MOTION_THRESHOLD = 5
PIXELS_COUNT_THRESHOLD = 500

### FarneBack Optical Flow

In [5]:
save_output = False

In [6]:
# load video
cap = cv2.VideoCapture(video_path)

if not cap.isOpened():
    print("Error opening video file")
    exit()

# read first frame
ret, frame1 = cap.read()
if not ret:
    cap.release()
    print("Error reading first frame")
    exit()

#Resize frame
frame1 = cv2.resize(frame1, (DISPLAY_WIDTH, DISPLAY_HEIGHT))

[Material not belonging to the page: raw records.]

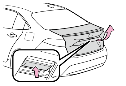 すべてのドアが施錠されている場合、トランク内に電子キーを置いたままトランクを閉めると、警告音が鳴ります。この場合、車外にあるトランクオープンスイッチで開けられます。
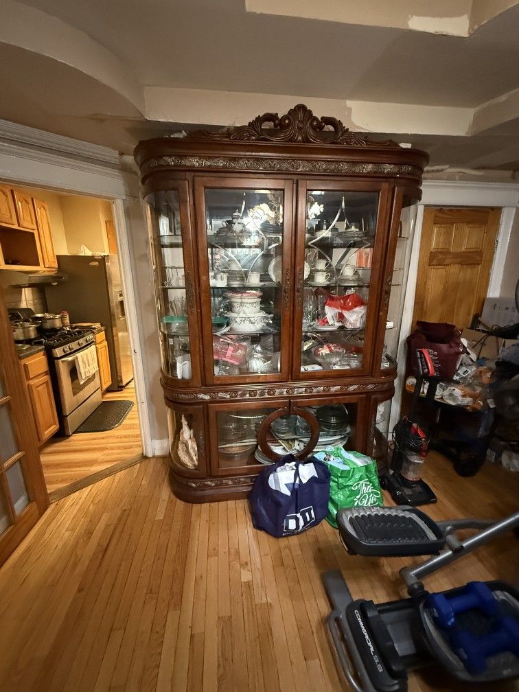 Elevate your home with this stunning solid wood china cabinet, featuring intricate hand-carved details, curved glass doors, and spacious shelving for displaying fine china, collectibles, or glassware. The craftsmanship highlights quality hardwood construction, ensuring durability and timeless appeal. - Material: Solid wood (not veneer) - Design: Ornate carvings, curved glass panels, and elegant trim - Storage: Multiple glass shelves with enclosed display space - Condition: Excellent overall, glass intact, wood well-maintained
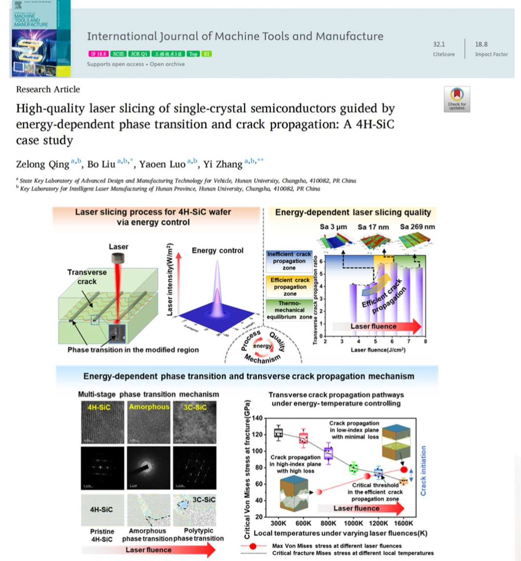 研究成果以“High-quality laser slicing of single-crystal semiconductors guided by energy-dependent phase transition and crack propagation: A 4H-SiC case study”为题发表在机械制造权威学术期刊《国际机床与制造杂志》(International Journal of Machine Tools and Manufacture)2026年第215卷上。新葡京娱乐场-新葡京娱乐场app
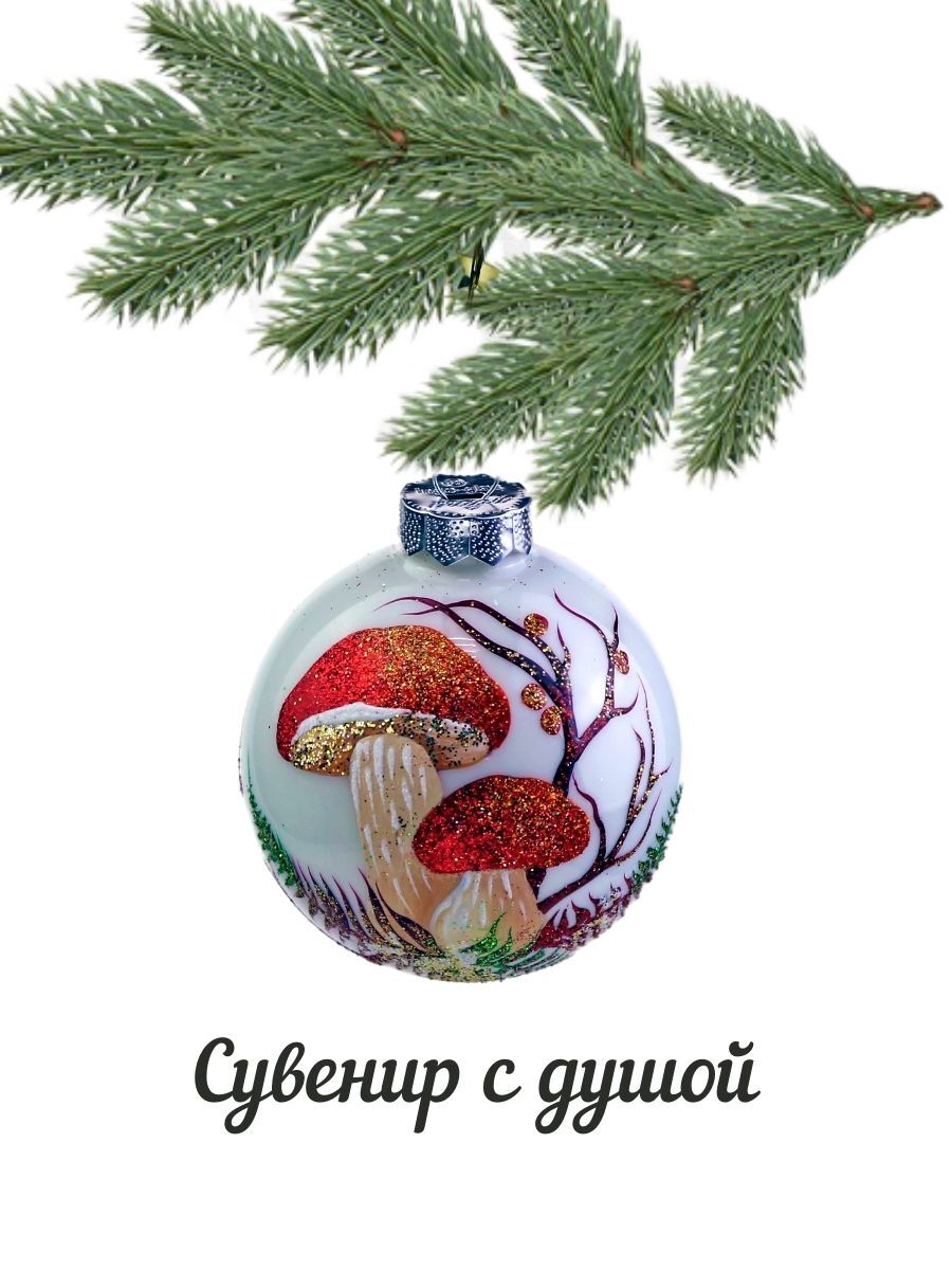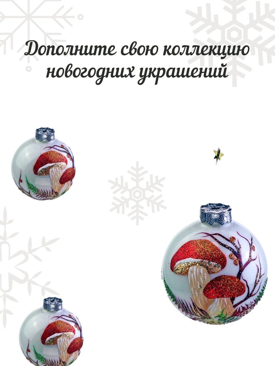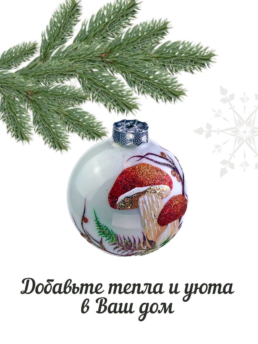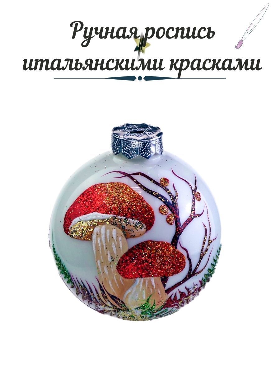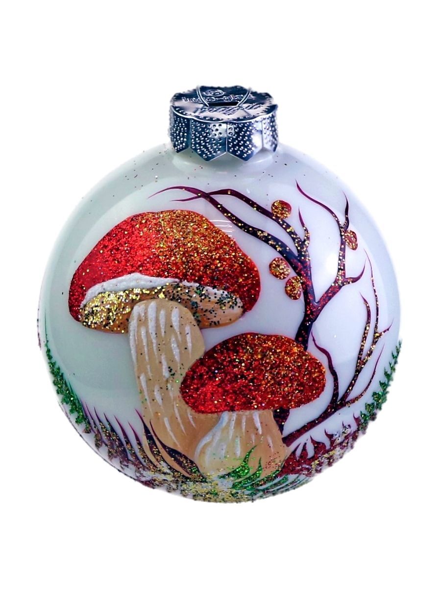 Ёлочный шар Victoria Bella "Грибы на белом фоне", диаметр 8,5 см, 1 шт
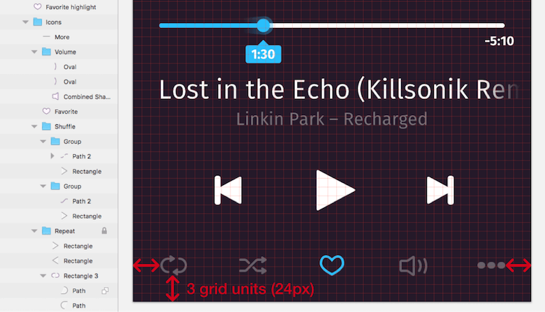 Show the grid again (with Ctrl + G), and use it to align the “repeat” icon 3 grid units away from both the left and bottom edges. Lock it with Shift + Cmd + L. Proceed to the “more” icon and also give it a spacing of 3 units from the right artboard edge. The vertical alignment doesn’t matter at the moment. Now, select all icons (or their groups) in the layers list, including the locked one; select “Align Middle” from a right-click to align them all to the locked element, and click on “Distribute Horizontally” from the same menu to space them equally from each other. Be sure to keep the icons selected for the next step.
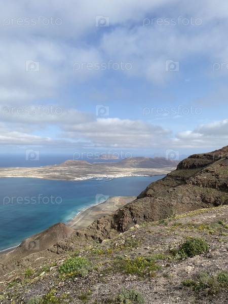 Красивый и типичный ландшафт Лансароте, вокруг вулканов, лавы, океана
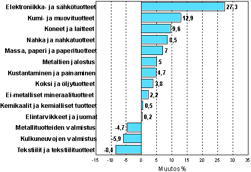 Teollisuustuotannon kausitasoitettu muutosprosentti lokakuu 2003 / lokakuu 2004
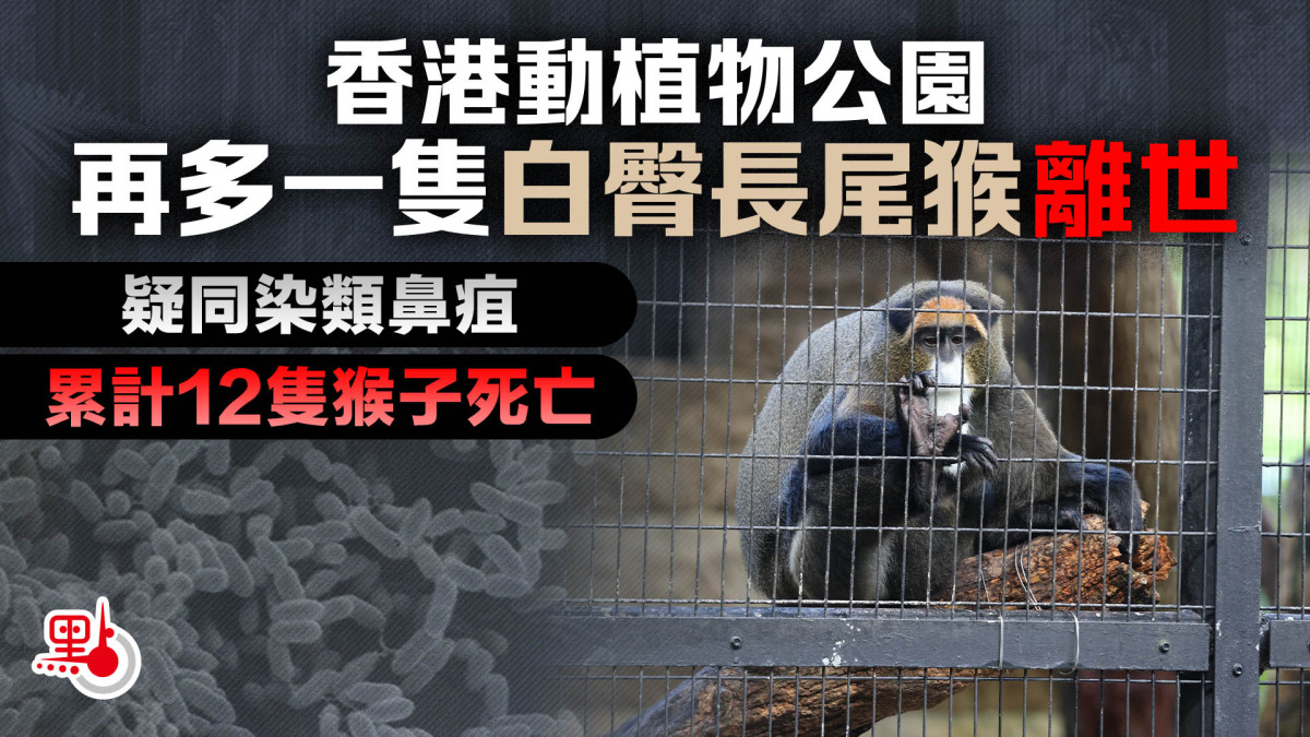 【點新聞報道】康文署今日(22日)晚間公布,香港動植物公園一隻自10月14日起接受隔離治療的白臀長尾猴今日死亡,發現其器官組織亦有病變。香港動植物公園由10月13日至今共12隻猴子死亡。

# coonvert first frame to grayscale mode
prvs = cv2.cvtColor(frame1, cv2.COLOR_BGR2GRAY)

# save output
if save_output:
    out = cv2.VideoWriter('output_farneback_opt_flow.mp4', cv2.VideoWriter_fourcc(*'mp4v'), OUTPUT_FPS, (OUTPUT_WIDTH, OUTPUT_HEIGHT)) # use "mp4v" for .mp4 files and "XVID" for .avi files

while cap.isOpened():

    # read next frame
    ret, frame2 = cap.read()
    if not ret:
        break

    # resize frame
    frame2 = cv2.resize(frame2, (DISPLAY_WIDTH, DISPLAY_HEIGHT))

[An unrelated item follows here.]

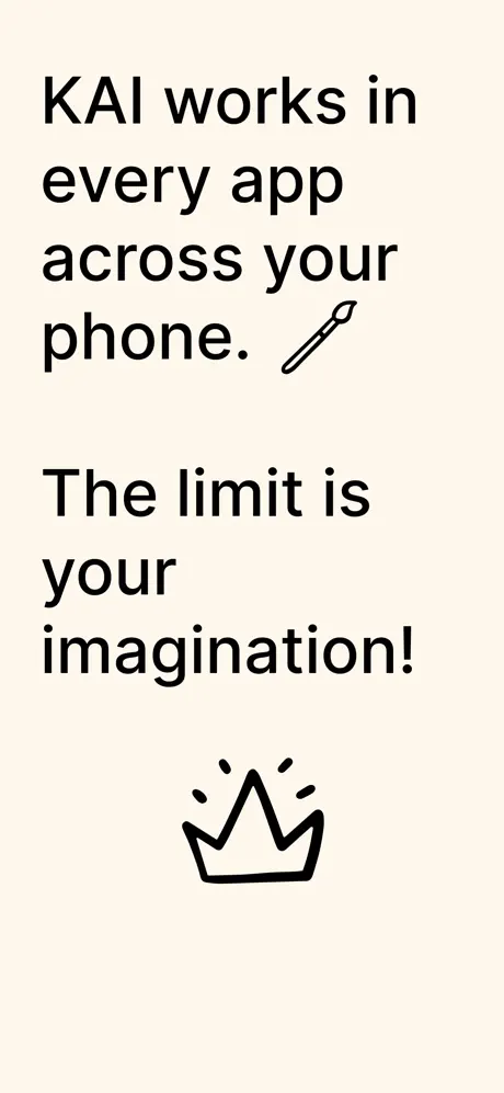 - Quick Access: KAI is available with a single tap on your keyboard anywhere in your iPhone. Always at your service.
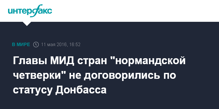 Москва. 11 мая. INTERFAX.RU - Участники переговоров в "нормандском формате" не смоли достичь на встрече в Берлине прогресса в решении вопроса выборов в Донбассе и предоставления ему особого статуса, заявил глава МИД РФ Сергей Лавров.

    # convert frame to grayscale
    frame2_gray = cv2.cvtColor(frame2, cv2.COLOR_BGR2GRAY)

    # compute optical flow
    flow = cv2.calcOpticalFlowFarneback(prvs, frame2_gray, None, 0.5, 3, 15, 3, 5, 1.2, 0)

    # calculate magnitude and angle of optical flow
    mag, ang = cv2.cartToPolar(flow[..., 0], flow[..., 1])

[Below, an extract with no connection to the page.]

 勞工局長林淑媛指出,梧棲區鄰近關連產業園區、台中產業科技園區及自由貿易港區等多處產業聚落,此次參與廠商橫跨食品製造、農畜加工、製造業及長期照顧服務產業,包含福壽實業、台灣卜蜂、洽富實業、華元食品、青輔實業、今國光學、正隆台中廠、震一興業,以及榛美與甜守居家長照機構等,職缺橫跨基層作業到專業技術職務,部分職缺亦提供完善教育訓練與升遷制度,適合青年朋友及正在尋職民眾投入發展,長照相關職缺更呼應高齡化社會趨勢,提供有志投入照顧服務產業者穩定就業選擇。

    # create motion binary mask
    motion_mask = mag > MOTION_THRESHOLD

    # calculate number of pixels with motion
    motion_pixels = np.sum(motion_mask)

    # detect motion when number of motion pixels exceeds certain threshold
    if motion_pixels > PIXELS_COUNT_THRESHOLD:
        print(f"Motion detected, with flow magnitude: {np.mean(mag[motion_mask])}")

    # create a frame copy to draw optical flow vector field
    vector_field = frame2.copy()

    # set paparams for drawing optical flow vector field
    step = 16
    h, w = frame2_gray.shape

    for y in range(0, h, step):
        for x in range(0, w, step):
            # get the flow vector at (x,y)
            fx, fy = flow[y, x]

            # draw the arrowed line representing the flow vector
            end_point = (int(x + fx), int(y + fy))
            cv2.arrowedLine(vector_field, (x, y), end_point, (0, 255, 0), 1, tipLength=0.5)

    # convert the binary image mask to bgr mode
    motion_mask_bgr = cv2.cvtColor(motion_mask.astype(np.uint8) * 255, cv2.COLOR_GRAY2BGR)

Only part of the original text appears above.